Goal of the exercise: Reproduce everything from the line that contains "性格は食いしん坊、で甘えん坊 抱っこ、キャリー、洗濯ネットは苦手です |" down to the line that contains "用于将翻译 API 集成到" in the listing below, word for word and nothing more. Leave the pictures out.

Data provided:
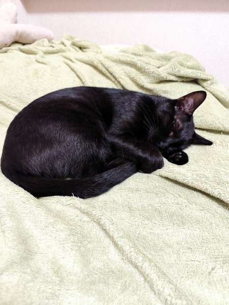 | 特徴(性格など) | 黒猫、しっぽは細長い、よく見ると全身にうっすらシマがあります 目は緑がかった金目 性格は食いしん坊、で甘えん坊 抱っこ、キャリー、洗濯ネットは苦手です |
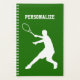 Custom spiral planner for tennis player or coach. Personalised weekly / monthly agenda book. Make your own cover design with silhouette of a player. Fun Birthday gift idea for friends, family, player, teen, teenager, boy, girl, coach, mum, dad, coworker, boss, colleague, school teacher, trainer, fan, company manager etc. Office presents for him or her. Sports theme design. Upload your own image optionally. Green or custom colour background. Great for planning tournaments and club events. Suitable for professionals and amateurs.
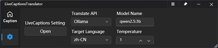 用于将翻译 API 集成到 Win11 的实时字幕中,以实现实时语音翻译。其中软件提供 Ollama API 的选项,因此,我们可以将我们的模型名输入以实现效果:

* * *

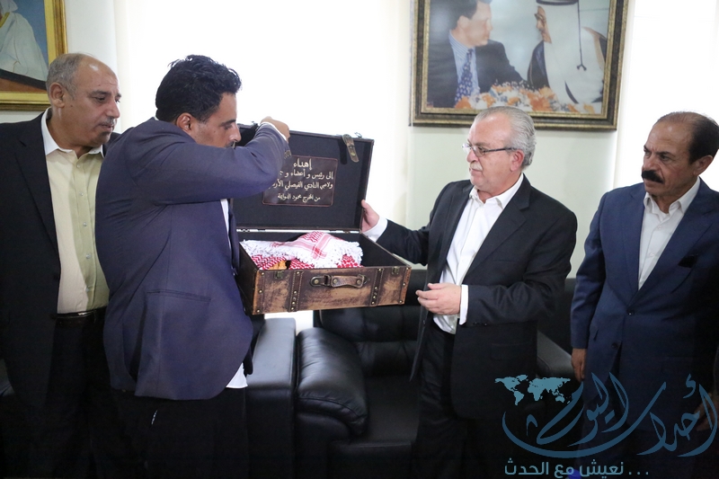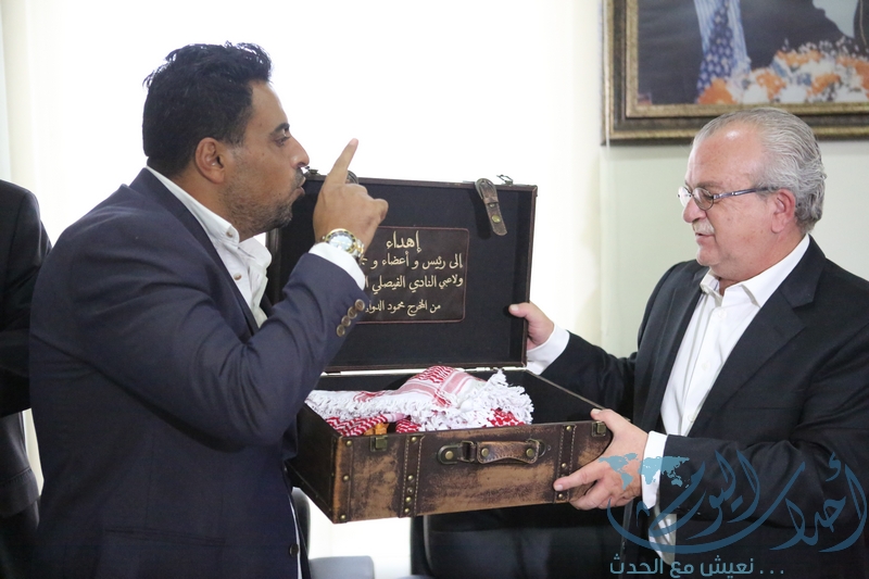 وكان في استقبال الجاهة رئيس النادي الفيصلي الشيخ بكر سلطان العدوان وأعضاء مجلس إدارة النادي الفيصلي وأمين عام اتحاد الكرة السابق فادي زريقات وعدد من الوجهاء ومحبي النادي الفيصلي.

Your solution:
 | 特徴(性格など) | 黒猫、しっぽは細長い、よく見ると全身にうっすらシマがあります 目は緑がかった金目 性格は食いしん坊、で甘えん坊 抱っこ、キャリー、洗濯ネットは苦手です |
 Custom spiral planner for tennis player or coach. Personalised weekly / monthly agenda book. Make your own cover design with silhouette of a player. Fun Birthday gift idea for friends, family, player, teen, teenager, boy, girl, coach, mum, dad, coworker, boss, colleague, school teacher, trainer, fan, company manager etc. Office presents for him or her. Sports theme design. Upload your own image optionally. Green or custom colour background. Great for planning tournaments and club events. Suitable for professionals and amateurs.
 用于将翻译 API 集成到 Win11 的实时字幕中,以实现实时语音翻译。其中软件提供 Ollama API 的选项,因此,我们可以将我们的模型名输入以实现效果:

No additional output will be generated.